You can easily spend every evening and weekend poring over the curriculum, planning new units, fussing with bulletin boards.

And I frequently did. Slowly but surely, like so many teachers before me, I started to burn out. I’d check my email while my students practiced their keyboarding skills. I’d assign “silent reading” while I silently read my most recent issue of Real Simple.

This wasn’t who I wanted to be! Disappointed and overwhelmed, I called a huddle with my veteran teacher parents. I was hoping for some time management tips or a pep talk that would return me to my high-energy, super-engaged self.

But what they told me was a lot more realistic and a lot more useful.

“Well, of course, you can always do more. But if you do too much, you’re not giving them your best. You’re giving them a watered-down, exhausted version of your best. They don’t deserve that and neither do you.”

This applies to just about every area of our lives, doesn’t it?

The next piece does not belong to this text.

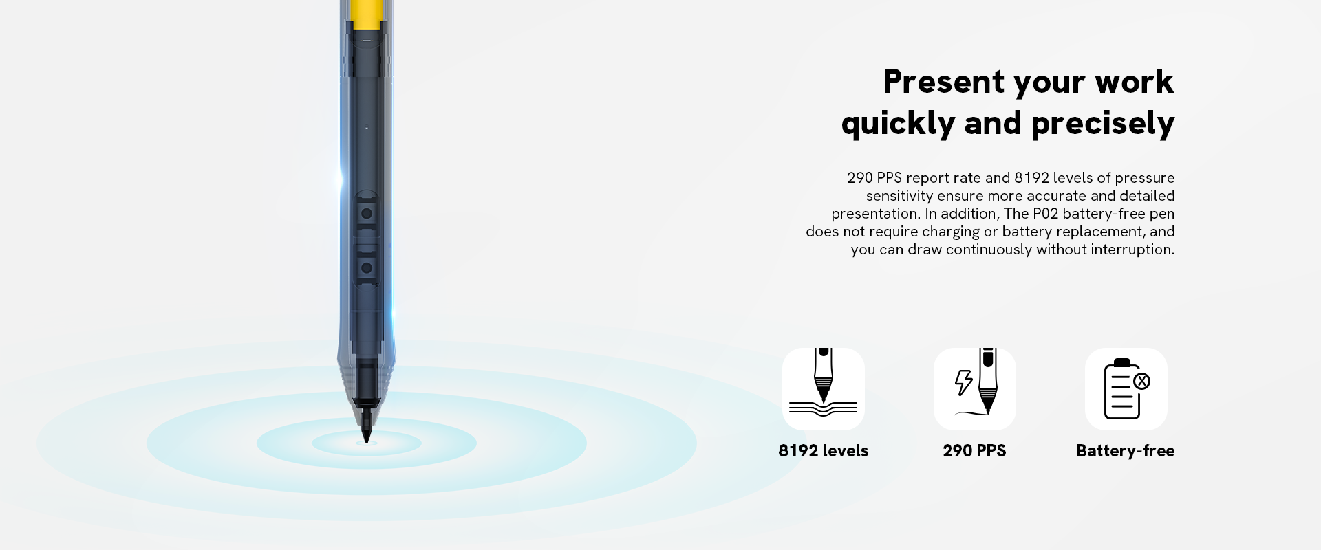 Потрясающие возможности для творчества : перо P02 без батареек имеет 8192 уровня чувствительности к нажатию, скорость отклика 290 PPS и поддерживает функцию наклона ±60°. Оно делает линии более плавными и естественными, позволяя быстрее и проще фиксировать идеи, а также работает без перерывов без подзарядки или замены батареек, обеспечивая вам незабываемые впечатления.

When we have eight social commitments each week, it’s difficult to really be there for our friend when she’s blindsided by a breakup. When we take on a zillion projects at work, it’s hard to give our passion projects the attention they deserve. When we post seven times a week, it’s hard to create the meaningful, longer pieces we’re really proud of.It’s better to be great at two things than shitty at seven. Share on X

Being exhausted and overwhelmed serves no one. You deserve to actually enjoy your job and relationships; they deserve the best you have to offer.

Are you guilty of taking on too much and then doing a less-than-amazing job on all of it? Where could you cut back? If you’ve stopped overdoing it – what did you stop doing?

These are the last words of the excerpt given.